Start of Available data
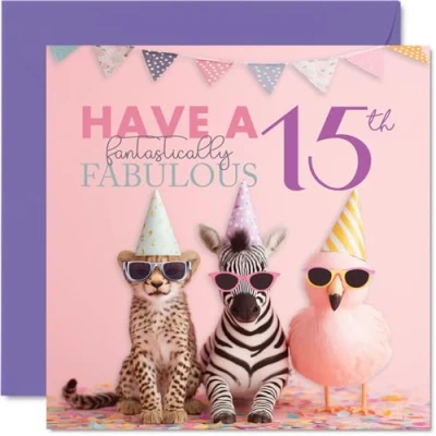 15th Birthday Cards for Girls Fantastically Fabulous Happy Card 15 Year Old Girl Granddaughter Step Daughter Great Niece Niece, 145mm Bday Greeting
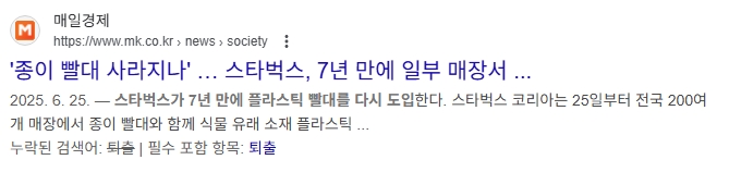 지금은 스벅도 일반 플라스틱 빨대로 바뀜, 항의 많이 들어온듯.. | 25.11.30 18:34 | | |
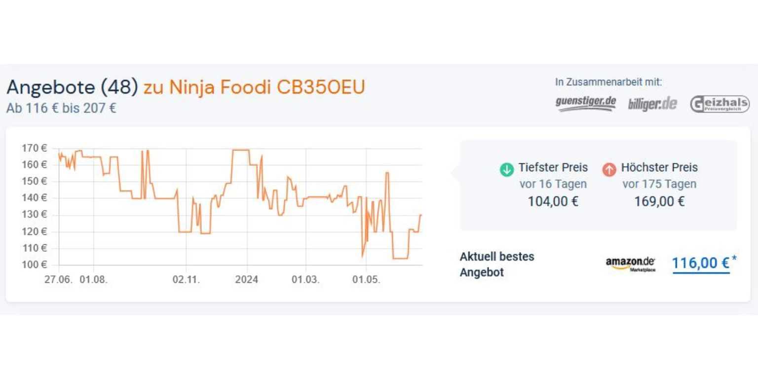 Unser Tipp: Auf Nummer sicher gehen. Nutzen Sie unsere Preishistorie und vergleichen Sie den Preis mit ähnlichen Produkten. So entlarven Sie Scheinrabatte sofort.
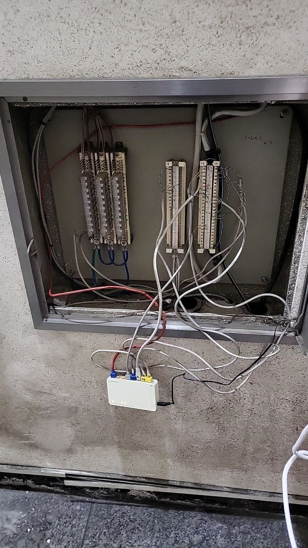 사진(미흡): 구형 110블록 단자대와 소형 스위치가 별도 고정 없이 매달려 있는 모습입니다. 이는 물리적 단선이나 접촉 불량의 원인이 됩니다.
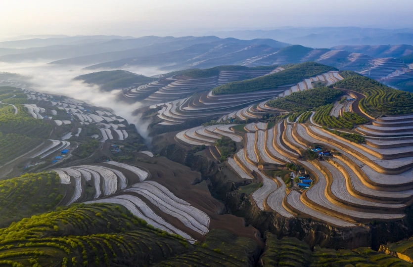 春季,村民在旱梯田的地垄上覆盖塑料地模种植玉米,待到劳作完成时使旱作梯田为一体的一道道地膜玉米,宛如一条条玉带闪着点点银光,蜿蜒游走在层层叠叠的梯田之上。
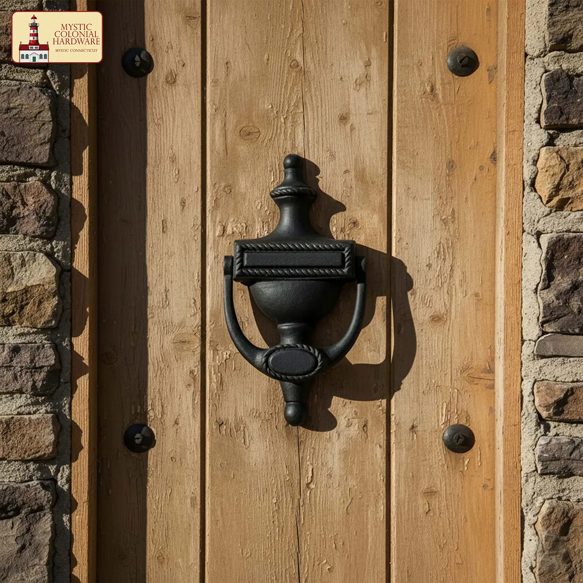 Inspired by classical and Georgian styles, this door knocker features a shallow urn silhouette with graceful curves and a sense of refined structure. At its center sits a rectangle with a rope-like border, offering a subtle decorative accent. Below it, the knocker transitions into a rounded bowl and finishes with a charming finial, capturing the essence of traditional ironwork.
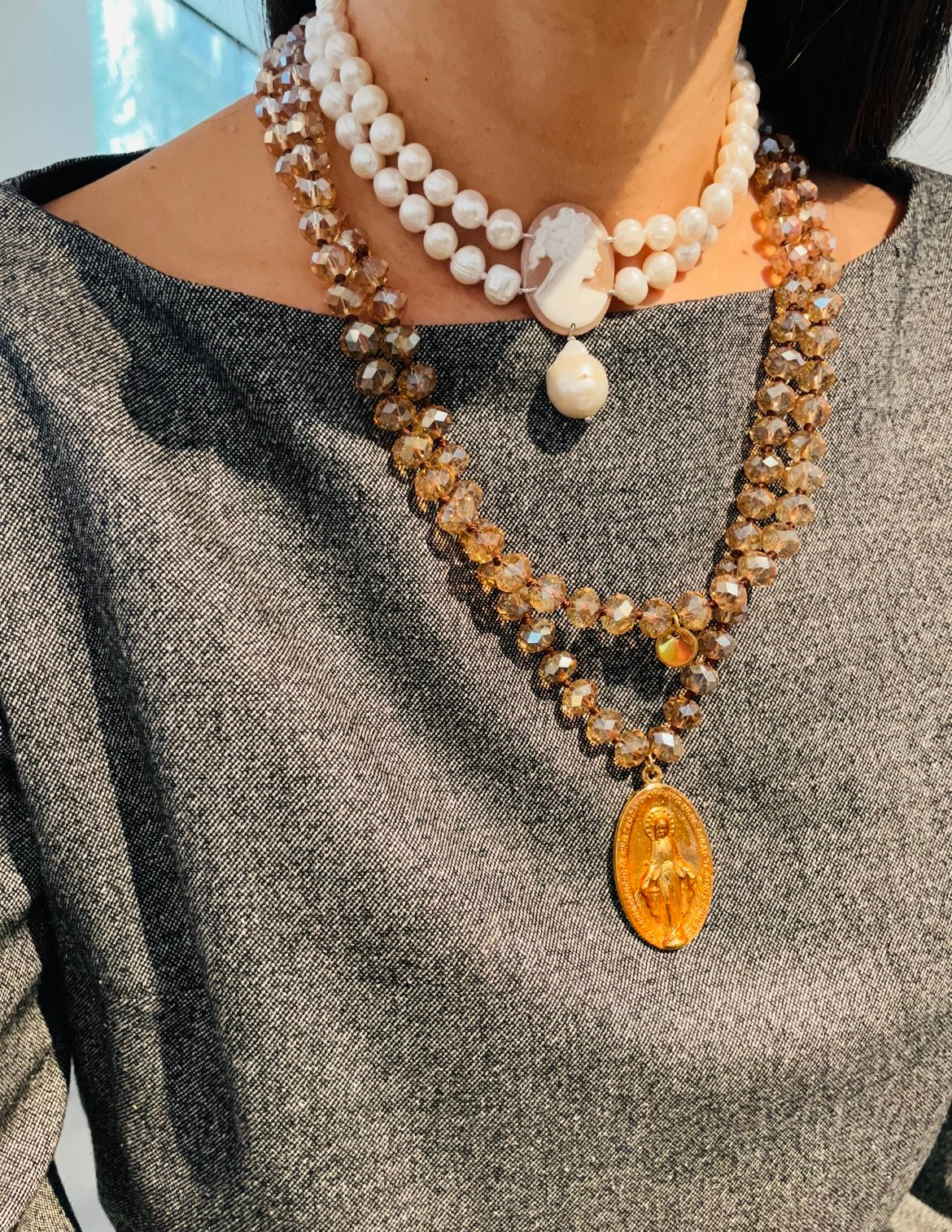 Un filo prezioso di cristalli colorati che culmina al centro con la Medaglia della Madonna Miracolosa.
End of Available data
Start of Available data
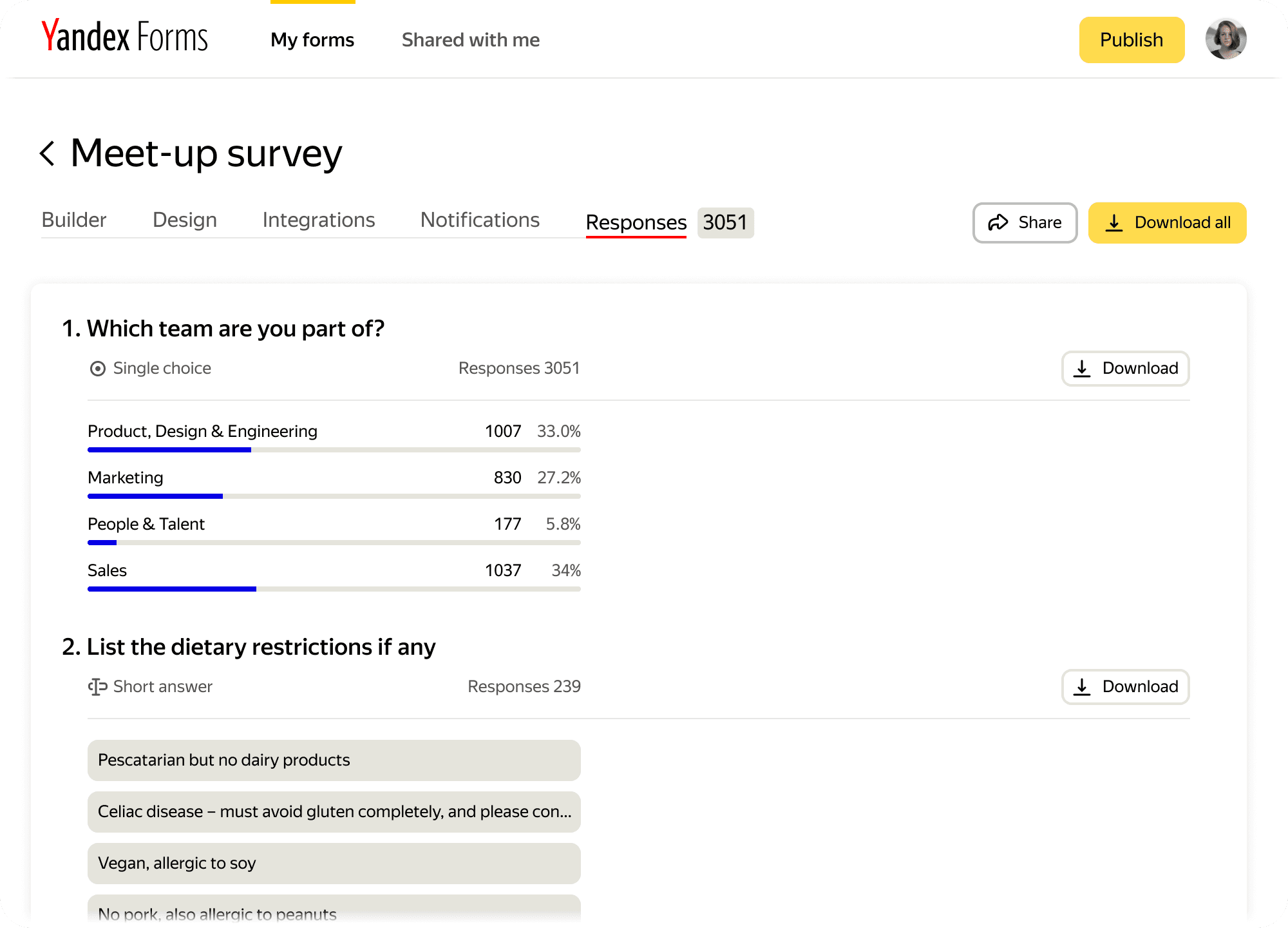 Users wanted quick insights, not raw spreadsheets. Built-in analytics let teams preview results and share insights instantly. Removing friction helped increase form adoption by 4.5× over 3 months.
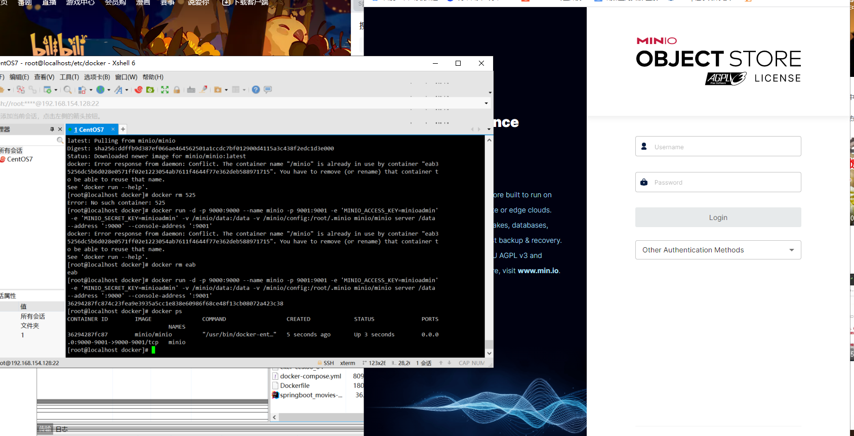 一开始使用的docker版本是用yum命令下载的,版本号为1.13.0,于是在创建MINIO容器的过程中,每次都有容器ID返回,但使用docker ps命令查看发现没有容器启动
End of Available data
● Exercise instructions: All lines above from the one containing "15th Birthday Cards" up to and including the one containing "Un filo prezioso" are to be set down exactly, and nothing else. Leave images out.

● Exercise result:
 15th Birthday Cards for Girls Fantastically Fabulous Happy Card 15 Year Old Girl Granddaughter Step Daughter Great Niece Niece, 145mm Bday Greeting
 지금은 스벅도 일반 플라스틱 빨대로 바뀜, 항의 많이 들어온듯.. | 25.11.30 18:34 | | |
 Unser Tipp: Auf Nummer sicher gehen. Nutzen Sie unsere Preishistorie und vergleichen Sie den Preis mit ähnlichen Produkten. So entlarven Sie Scheinrabatte sofort.
 사진(미흡): 구형 110블록 단자대와 소형 스위치가 별도 고정 없이 매달려 있는 모습입니다. 이는 물리적 단선이나 접촉 불량의 원인이 됩니다.
 春季,村民在旱梯田的地垄上覆盖塑料地模种植玉米,待到劳作完成时使旱作梯田为一体的一道道地膜玉米,宛如一条条玉带闪着点点银光,蜿蜒游走在层层叠叠的梯田之上。
 Inspired by classical and Georgian styles, this door knocker features a shallow urn silhouette with graceful curves and a sense of refined structure. At its center sits a rectangle with a rope-like border, offering a subtle decorative accent. Below it, the knocker transitions into a rounded bowl and finishes with a charming finial, capturing the essence of traditional ironwork.
 Un filo prezioso di cristalli colorati che culmina al centro con la Medaglia della Madonna Miracolosa.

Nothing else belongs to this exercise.